Praise from the Awards Chairs: A highly-influential, visionary paper on discrimination-free or fair classification, ahead of the current trend on fairness, accountability and transparency in AI that is transforming the algorithmic decision-making process in numerous areas, including law, education, banking, health, and more.
Journal Track Reviewer Awards
- Esther Galbrun
- Georgiana Ifrim
- Claudio Lucchese
- Matteo Riondato
- Nikolaj Tatti
- Matthijs van Leeuwen
- Celine Vens
- Albrecht Zimmermann
Conference Engagement Awards
Engagement is the main challenge of a virtual conference. We’re all surrounded by every-day distractions, and it is difficult to make time for the conference. As a result, fewer attendees tend to actively participate, which makes it less rewarding to be engaged, etc. We want to break this vicious circle by incentivizing engagement!
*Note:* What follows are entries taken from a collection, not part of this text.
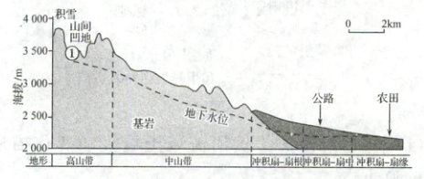 (2025·济南模拟)乌恰县位于新疆维吾尔自治区西部,帕米尔高原北部,塔里木盆地西端,天山南麓与昆仑山两大山系接合部。多年平均年降水量180mm,多年平均年蒸发量为1600mm。下图为乌恰县地形剖面示意图。据此完成4、5题。
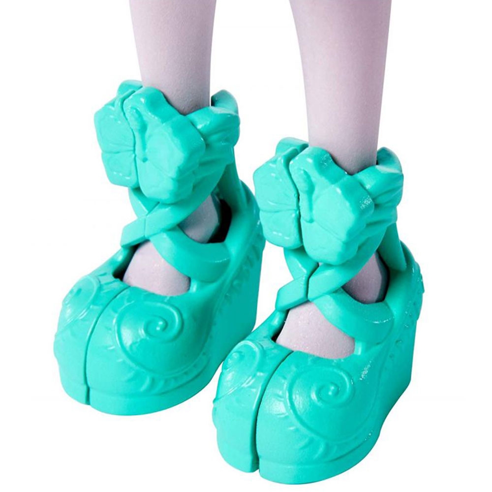 - Papusa poarta o tinuta si pantofi in culori stralucitoare, cu printuri florale
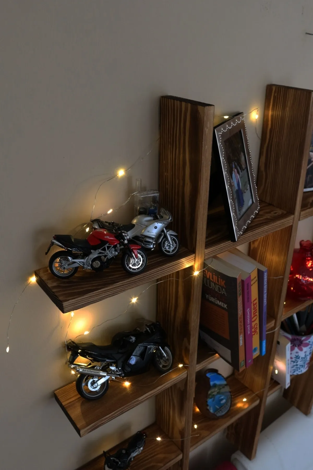 Wooden City Ahşap Raf Dekoratif Eskitme Işıklı Nostalji Kitaplık Süs Eşya Rafı
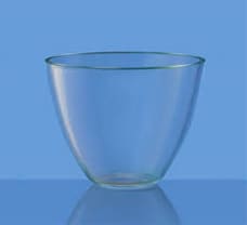 Crucibles are bowl-like containers which can be made of ceramic, glass, iron or some other temperature-resistant material. Glass crucibles are commonly used in laboratories for holding reagents.
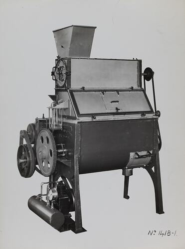Black and white promotional image of a machine. It is part of a collection of photographs and marked printer's copy used in the preparation of trade literature promoting products manufactured by the Schumacher Mill Furnishing Works Pty Ltd. The items were originally housed in a wooden filing drawer, with many filed by subject. This photograph was previously filed under 'With Elev'.
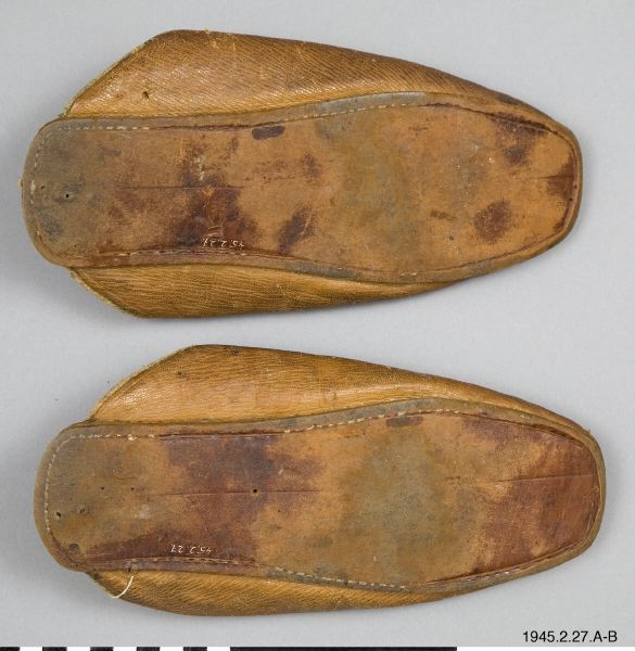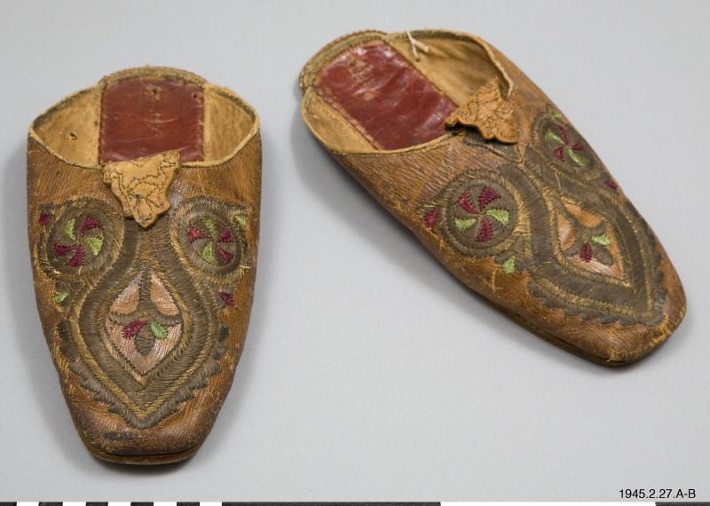 Damtofflor av brunt läder med broderier i guld, grönt och rött samt med läderapplikationer (fig.17). Liknande tofflor avbildade Henri Terasse och Jean Hainaut i Les Art Décoratifs au Maroc, 1925, p. 95. (generalkatalogen)
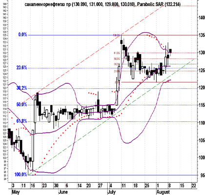 Уровень Фибоначчи ждет самых шустрых "быков" на отметке 143,25 рубля. Если учесть, что курс акций "Пурнефтегаз" привилегированные вчера выросли на 9,5%, то данный рубеж не является уж таким фантастичным.
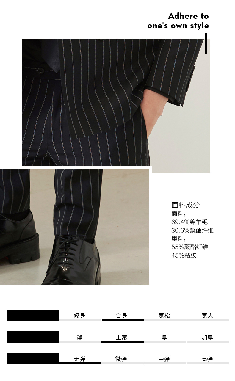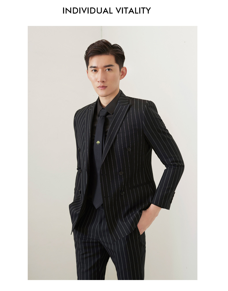 贝纳川竖条纹通勤男士西裤100026034402

To do this, each day, as well as at the end for the full week, 4 Engagement Awards will be announced (i.e. 24 Awards in total!):
- The Community Engagement Award: The top of the whova leaderboard around 8:30 CEST.
- The Organizers’ Engagement Award: all organizers can nominate attendees for engagement.
- The Chairs’ and Volunteers’ Engagement Award: all session chairs can nominate attendees who were particularly engaged during their session (could be speakers in the session or other attendees).
- The Nominator Award: Among all chairs and volunteers who nominated an attendee for the Chairs’ and Volunteers’ Engagement Award, one person will be randomly drawn to receive a prize. Of course, self-nominations are not allowed.
What the prizes are will be announced later, they will give you a taste of Ghent…
(Note that in case of abuse or misuse, the above may be amended or discontinued at the organizers’ sole discretion. Only one prize will be awarded per attendee throughout the week.)